W tym roku książek o tematyce bożonarodzeniowej jest więcej niż w innych latach. Kilka przeczytam, bo lubię te trochę baśniowe opowieści, z dobrym zakończeniem, pachnące cynamonem, pierniczkami, skrzące się śniegiem, blaskiem świec. I choć do grudnia jeszcze trochę czasu, już otulam się grudniową magią, bo oswajam listopad przecież :)))

wtorek, 22 października 2019

Złote skrzydła października...

Jakiż piękny jest tegoroczny październik, jak złoci się w słońcu, błogosławi kolorami. W pejzażu przybyło czerwieni i purpury, żółci nakrapianych brązem, miedzianych odcieni, a wszystko to na tle wciąż żywej zieleni. Pięknie jest!

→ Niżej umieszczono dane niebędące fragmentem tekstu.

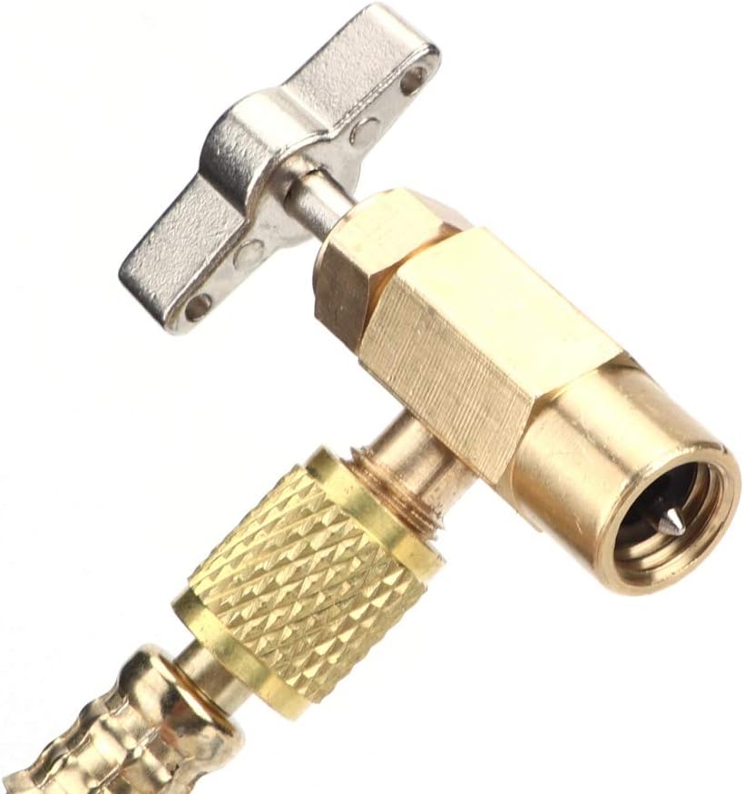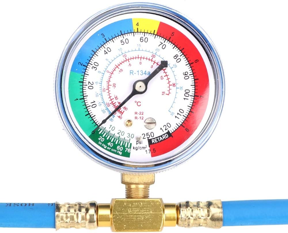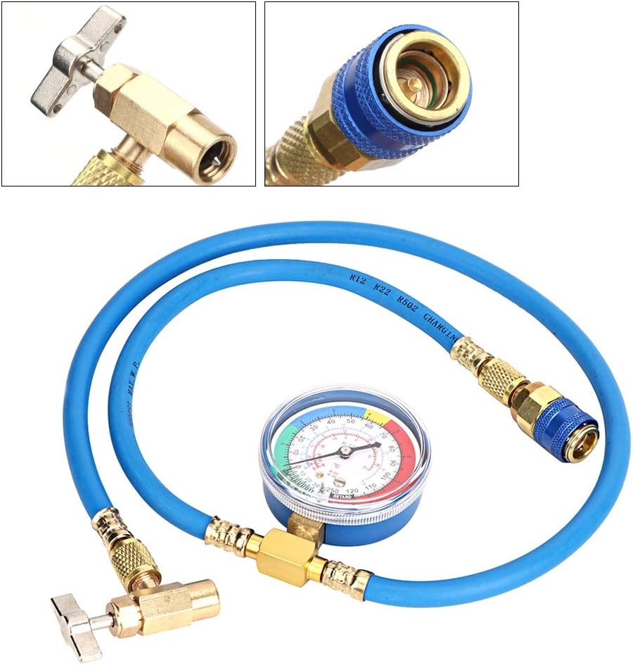 - Dieser Kältemittelfüllschlauch R134A wird mit einem Messgerät geliefert, das während des Gebrauchs leicht angezeigt werden kann.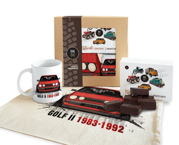 Paczka prezentowa dla fana motoryzacji Golf II cukierki czekoladowe 125 gkubek ceramicznytorba bawełniana Paczkę można dodatkowo powiększyć o koszulkę lub bluzę (Kliknij aby zobaczyć wymiary i specyfikacje)Volkswagen Golf Mk IIVolkswagen Golf drugiej generacji po raz pierwszy pojawił się w 1983, by wkrótce zająć trzecie miejsce w plebiscycie na Europejski Samochód Roku 1984. Pomimo wnętrza, które w najlepszym […]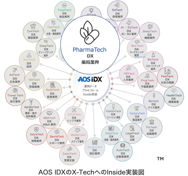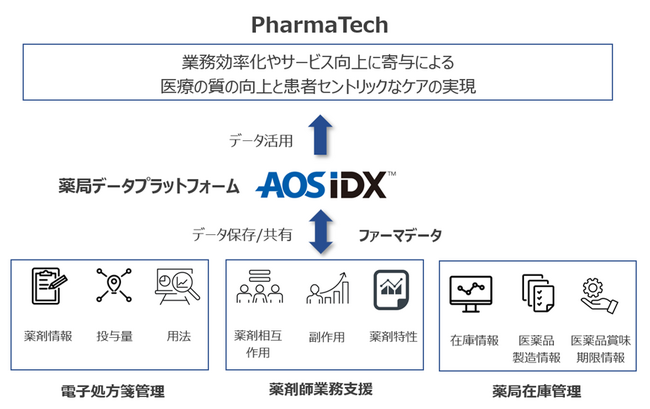 クラウドデータ、システムデータ、リーガルデータ、AIデータなどのデータアセットマネジメント事業を展開するAOSデータ株式会社(本社:東京都港区、代表取締役社長 春山 洋 以下 AOS データ社)は、PharmaTechにおいて、薬局における処方箋の受付、調剤業務、薬剤情報の提供などの多大な対物業務に費やされる時間を削減し、患者と直接向き合う対人業務にシフトし、薬剤師や医療機関がより効率的な薬局経営を実現するために、薬局データの保存管理やデータのリスク管理までデータを総合的にマネジメントし、AIによるデータ分析や活用につなげることができるデータマネジメント製品「薬局データプラットフォームAOS IDX」(https://AOSIDX.jp/)のInside実装サービスを、2023年8月8日より販売開始することをお知らせします。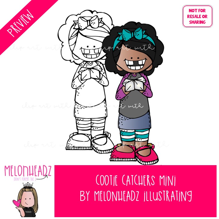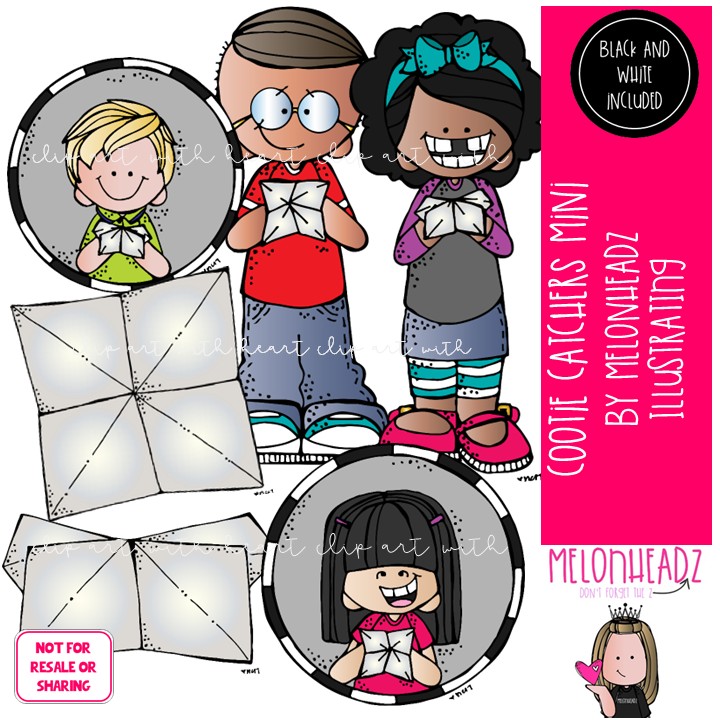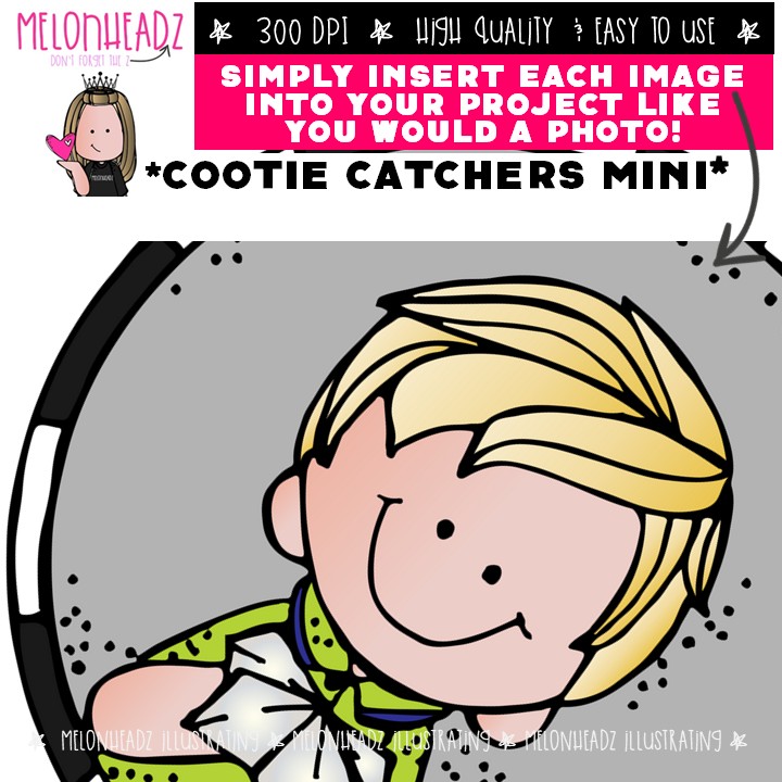 Cootie Catchers clip art, fortune teller, play Mini: This illustrated set contains all of the clip art images as shown in the preview picture. COLORED and BLACK AND WHITE illustrations included.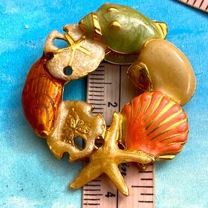 Vintage 80s Signed JJ Gold Toned & Enamel Seashells & Starfish Broach!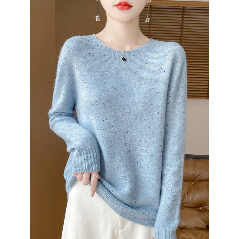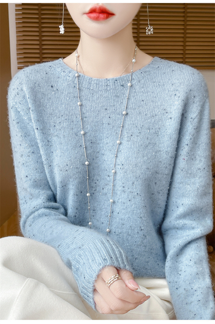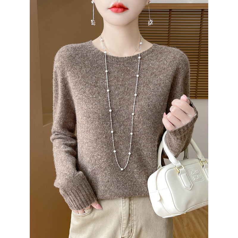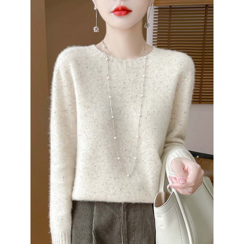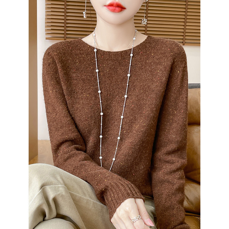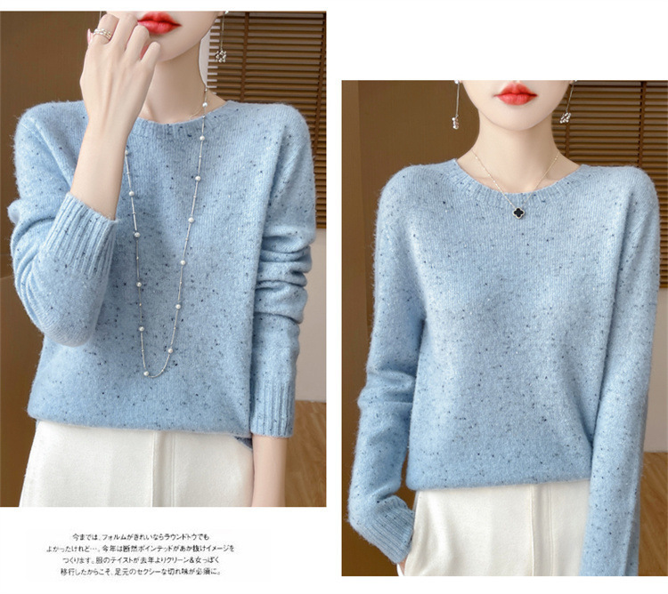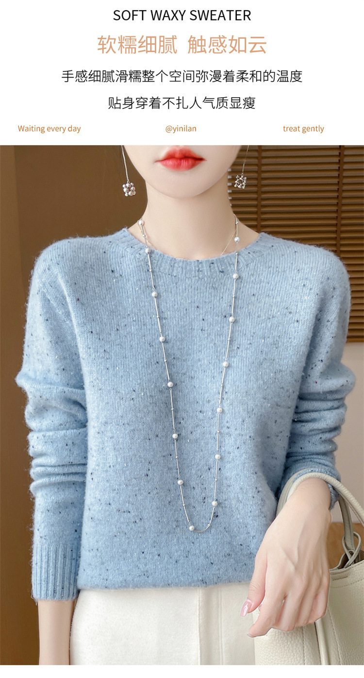 24 чистый шерстяной свитер женский низкий округлый воротник

Pięknie jest na spacerach w moim wioskowym ogrodzie, w ścieżkach wysypanych liśćmi, których odcieni opisać nie sposób, w koronach drzew nieco już ażurowych, w słońcu pastelowym, które wydobywa z tej liściowej pory te wszystkie półcienie, półtony i refleksy. Pięknie jest popołudniową porą, kiedy słońce odchodzi, a niebo płonie tą czerwienią, która przywołuje melancholie i nostalgie trudne do zdefiniowania, ale pozytywnie dotykające duszy i serca. I wieczorami jest pięknie, kiedy szafirowy zmrok łasi się kocio za oknem, kiedy płomykami świec złocę czas, nastawiam płytę z jakimś jazzem i czuję się tak po mojemu dobrze...

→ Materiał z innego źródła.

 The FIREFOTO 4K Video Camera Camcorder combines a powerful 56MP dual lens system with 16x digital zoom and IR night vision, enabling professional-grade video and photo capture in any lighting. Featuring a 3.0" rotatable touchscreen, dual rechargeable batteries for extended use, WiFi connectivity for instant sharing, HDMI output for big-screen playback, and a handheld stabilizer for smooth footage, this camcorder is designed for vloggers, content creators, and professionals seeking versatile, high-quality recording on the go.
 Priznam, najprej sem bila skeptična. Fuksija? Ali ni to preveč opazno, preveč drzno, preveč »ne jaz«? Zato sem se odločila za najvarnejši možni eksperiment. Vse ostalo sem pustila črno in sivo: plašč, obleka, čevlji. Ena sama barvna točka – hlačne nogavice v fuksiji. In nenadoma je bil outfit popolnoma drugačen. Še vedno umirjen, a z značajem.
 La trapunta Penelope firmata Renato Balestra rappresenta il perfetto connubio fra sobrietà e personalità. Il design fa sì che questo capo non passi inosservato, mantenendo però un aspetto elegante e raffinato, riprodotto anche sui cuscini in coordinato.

Kończy się moje zwolnienie lekarskie. W czwartek wracam do pracy. I cieszę się, i nie :) Choć trwała moja rekonwalescencja, obwarowana różnymi: "nie można, nie należy, uważać, oszczędzać się", to dobry to był czas dla mnie. Wypoczywałam, czytałam, oglądałam filmy i seriale. I byłam na wspaniałym koncercie w filharmonii szczecińskiej, kiedy to występowała Grand Orkiestra z Odessy, wykonując piosenki francuskie...

I my na widowni znaleźliśmy się pod dachami Paryża, na Polach Elizejskich, pod Wieżą Eiffla, w kabaretach itd. Było lirycznie, zabawnie, wzruszająco, przejmująco, cudownie. Wykonawcy mieli cudowne głosy i charyzmę. Kiedy jedna z wykonawczyń wykonywała piosenki Edith Piaf, miałam wrażenie, że to sama pieśniarka śpiewa tym swoim charakterystycznym głosem...

Weekend spędziłam u M. Potrzebowałam innego nieba nad głową, innych miejsc, inaczej spędzanego czasu. I choć nie mogłam jeszcze się forsować nadto, spacerowaliśmy długo, ciesząc oczy złotą jesienią, zawężając świat do przytulnej knajpki, spędzając wieczór w domowych zaciszu...

Mam już kolejny tom sagi o Lipowie. Ciekawa jestem kolejnej mrocznej historii opowiedzianej przez Puzyńską. A do czytania mam herbatę pachnącą prażonymi kasztanami...

A za tydzień spotkam się bratem i bratankiem i nucę z radości pod nosem laj, laj, laj :)

środa, 2 października 2019

Z milczenia...

Deszcz srebrzy świat. Pada, leje, kropi, mży i tak od kilku dni. Z tęsknoty za słońcem zapalam świeczkę, bo "taki wieczór choć rano". A ona pachnie pięknie jesienią, pachnie cynamonem i jabłkami. I kawą pyszną się raczę o nazwie "Rozgrzewający rum". Są w niej nuty imbiru i rumu właśnie, idealne na taki dzień jak ten...

Domowa jestem. Czytam, oglądam seriale na Netflixie. Teraz "Hinterland". To brytyjska produkcja. Ma niesamowity nastrój. Akcja dzieje się w walijskim miasteczku, które wydaje się być idylliczne, ale takie nie jest. Położone nad morzem, otoczone niezwykłą, dziką naturą. A mieszkańcy mają swoje mroczne tajemnice, ich losy wciągają i emocjonują. W tej małej społeczności święty spokój chce odnaleźć poraniony przez życie detektyw Tom Mathias. Niestety musi zmierzyć się z mrocznymi sprawami małego miasteczka. Ogląda się wybornie...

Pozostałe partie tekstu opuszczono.